Tuesday, August 01, 2006

OF LINDA JASMINE (no, not Jasmine NRG, demmit) AND THE DIVA

There she was; smug and nonchalant, slouching like a slob she claimed she was, face parted open by the opening which we all call mouth.

There she was; looking to the left and right, perhaps not knowing what was happening, still slouching, mouth still gaping.

There she was; looking like she was enjoying herself, slouched on the chair for the world to see what bad posture she had on her.

What can you expect from the great snorer whom we fondly have dubbed The Diva? Being a hardcore Akademi Fantasia fanatic follower, you could expect to catch a glimpse, or two, or a few, of her on TV enjoying herself with hedonistic pleasure from the amateurs singing their stools out.

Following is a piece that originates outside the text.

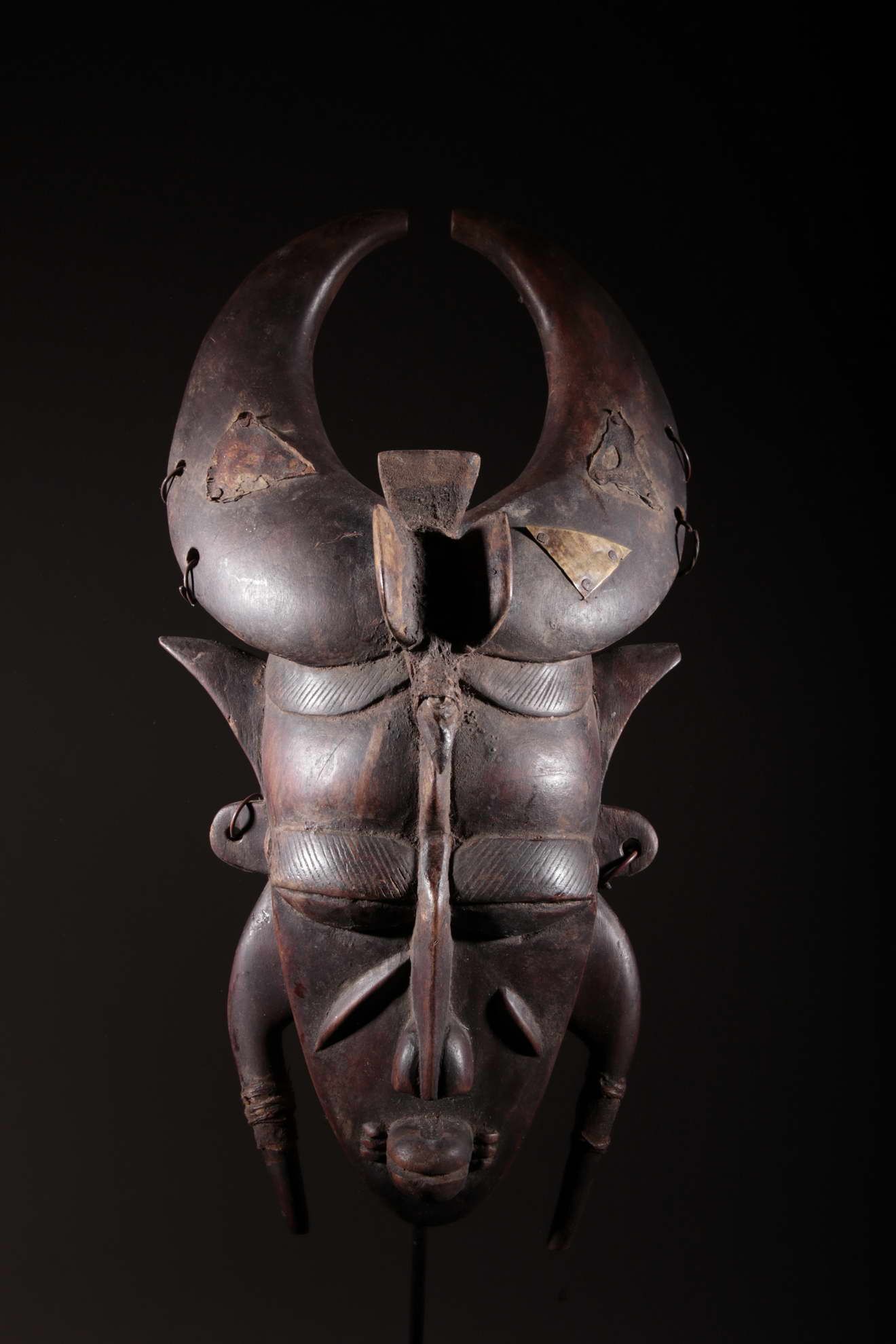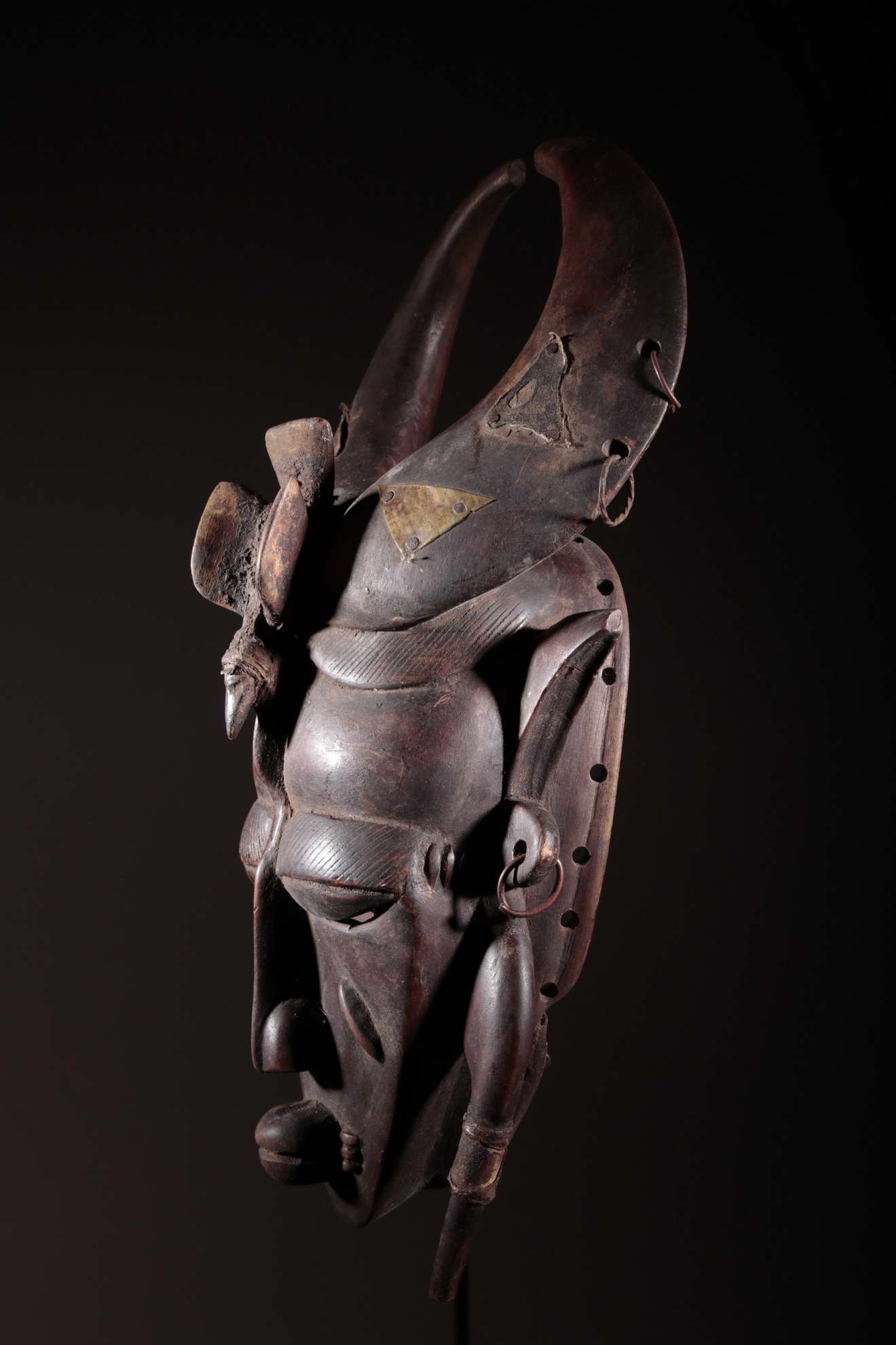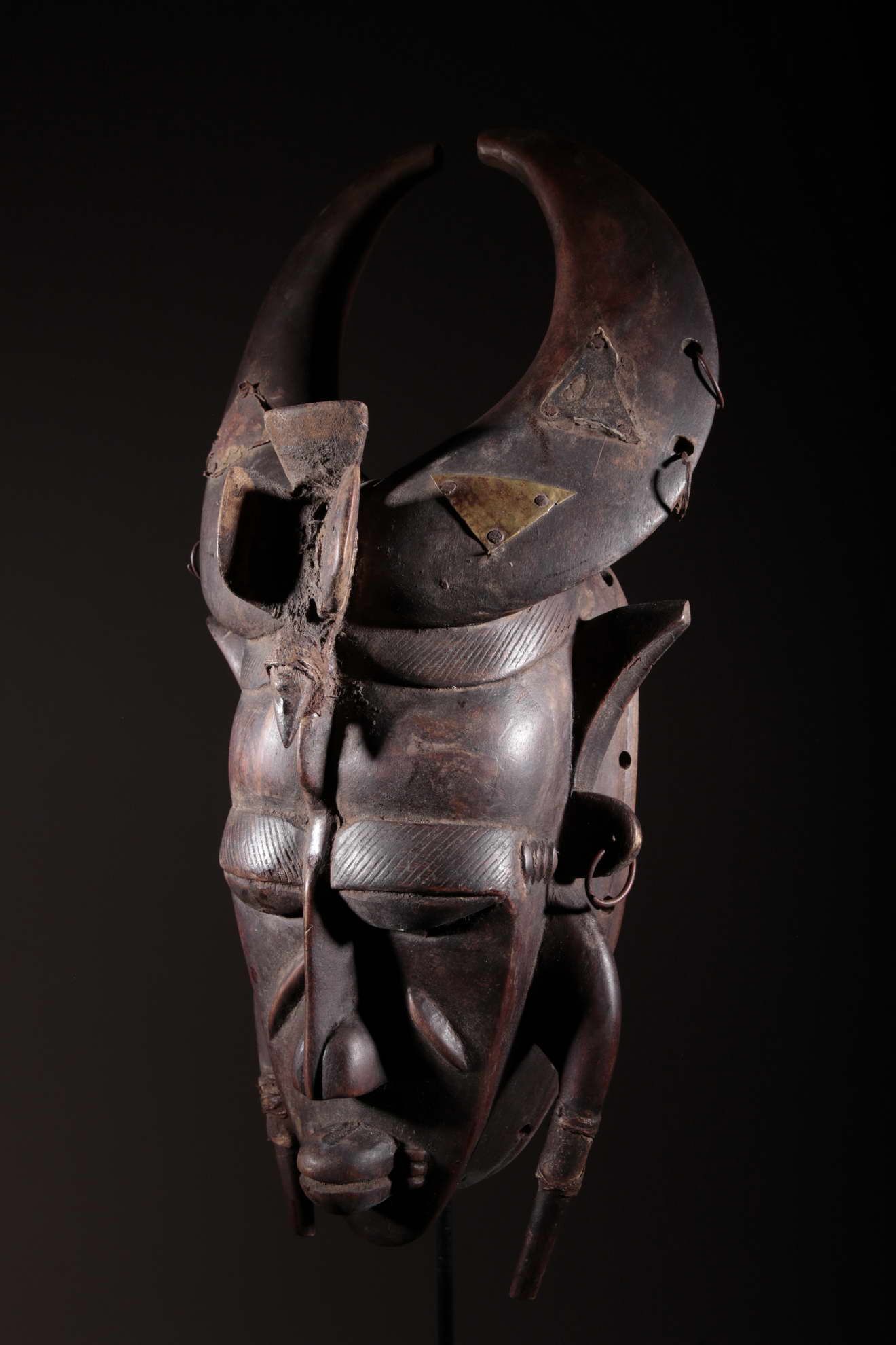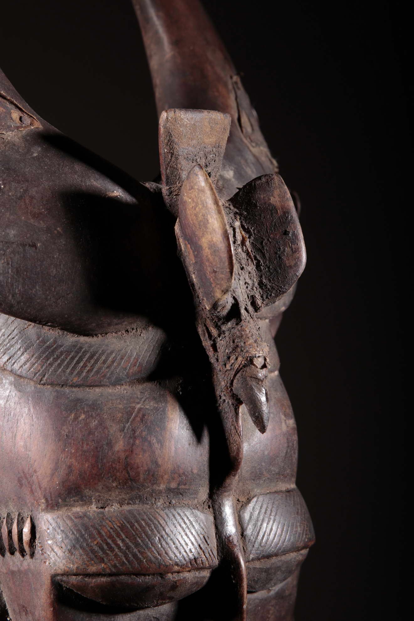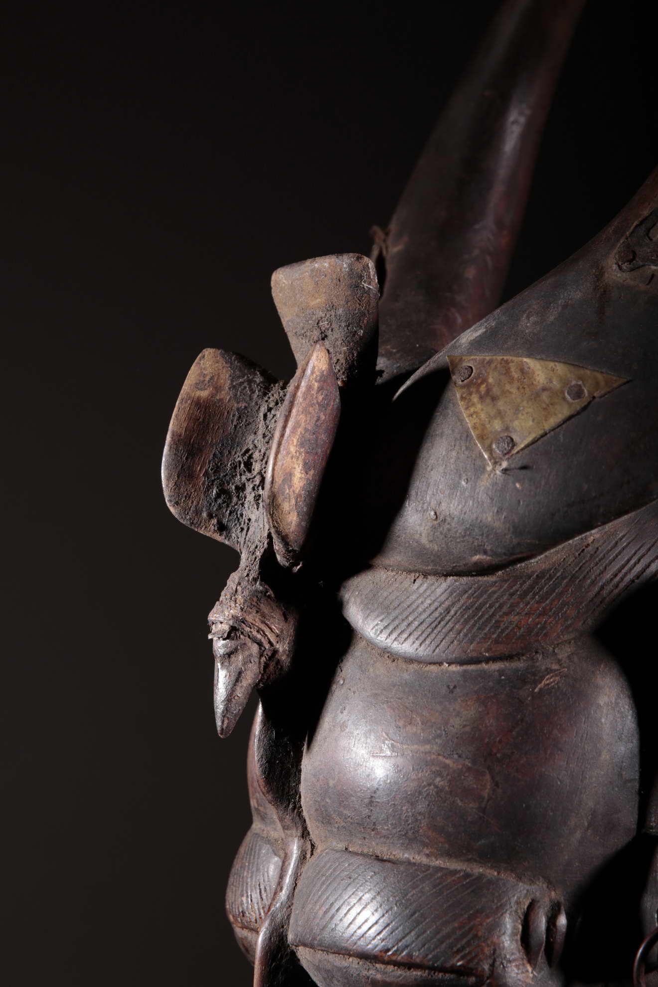 Les Djimini, comme les Tagouana, sont des Mandé du nord de la Côte d’Ivoire. Lors des conquêtes de Samory, ils payèrent un lourd tribut pour n’avoir pas voulu traiter avec lui. Colonisés par la France au XIXe siècle, ils ont adopté la religion importée. Pour ces deux raisons, les masques et la statuaire ont grandement disparu chez ces deux peuples. Cependant, quelques rares masques et statues dont on avait la certitude qu’ils étaient les représentations de bons génies furent conservés. On remarque la patine noire et épaisse à la surface de ce masque ci-dessus. Cela est dû à l’art des Djimini lesquels maîtrisaient les vernissages des poteries en se servant de résines d’arbres, des techniques qu’ils ont répliqué sur la surface des masques. Quant à l’usage de l’objet, on en a oublié l’exactitude. Il reste toutefois porté durant les mascarades au cours des cérémonies rituelles.

This time round, thank God, she wasn’t seated at choice seats right behind Linda Jasmine (like she did last year, and can you simply imagine how much airtime The Diva got simply from being in the same space as the gorgeous banshee that is Linda Jasmine). But the cameras managed to find her, slouching, grinning, looking blur, lost, eyeballs rolling up and down, and lips drenched in blood-coloured rouge.

Tsk …

Leen, take it from me, the expert of being at the right place at the right time whenever there are TV cameras around. You don’t know when the cameras are supposed to pan across the room to include the fame-seekers like you during a live (or recorded) broadcast, so the best you can do is to look your best at all time! Even if it meant having your best smile frozen on your face for 2 and half bloody hours.

But The Diva had to slouch her glorious body all over the chair. “But the chair is very small and I had no choice but to push my boobs up …” she texted to me when I reprimanded her for slouching during a live broadcast. (The exact words were, I believe, tolak tetek naik).

Thinking she would take heed of my advice, these eyes again spied her slouching form when the camera panned across the auditorium.

She is a lost cause.

The third time the camera caught her image, she was grinning her heart away and it looked like the tongue (hers, of course) lolled down her chin. (Excuse me, but only Cik Cookie can do this to perfection, ye?)

Is she or is she a lost cause?

But at the very least, I, A Babe with very Little Brain and Fantastic Appearances on PrimeTime TV, could see that The Diva was enjoying herself despite her cramped seating arrangement.

And because of that, I, A Babe with very Kind Heart, would like to beseech all to AFundi Diddy, The Diva’s jantan kekar of the moment.

(And we, the Beautiful People, are most touched when we found out the The Diva had gallantly foregone the chance to hog the cramped seats of the MPPJ Civic Centre and watch that Faizal thingie doing a bad imitation of Kurt Cobain to join the great Birthday Bash for Little Miss Sunshine at PH a couple of weeks ago.

Leen, your sacrifice melted our hearts [if we had any but I'm sure we all pretend that we do]).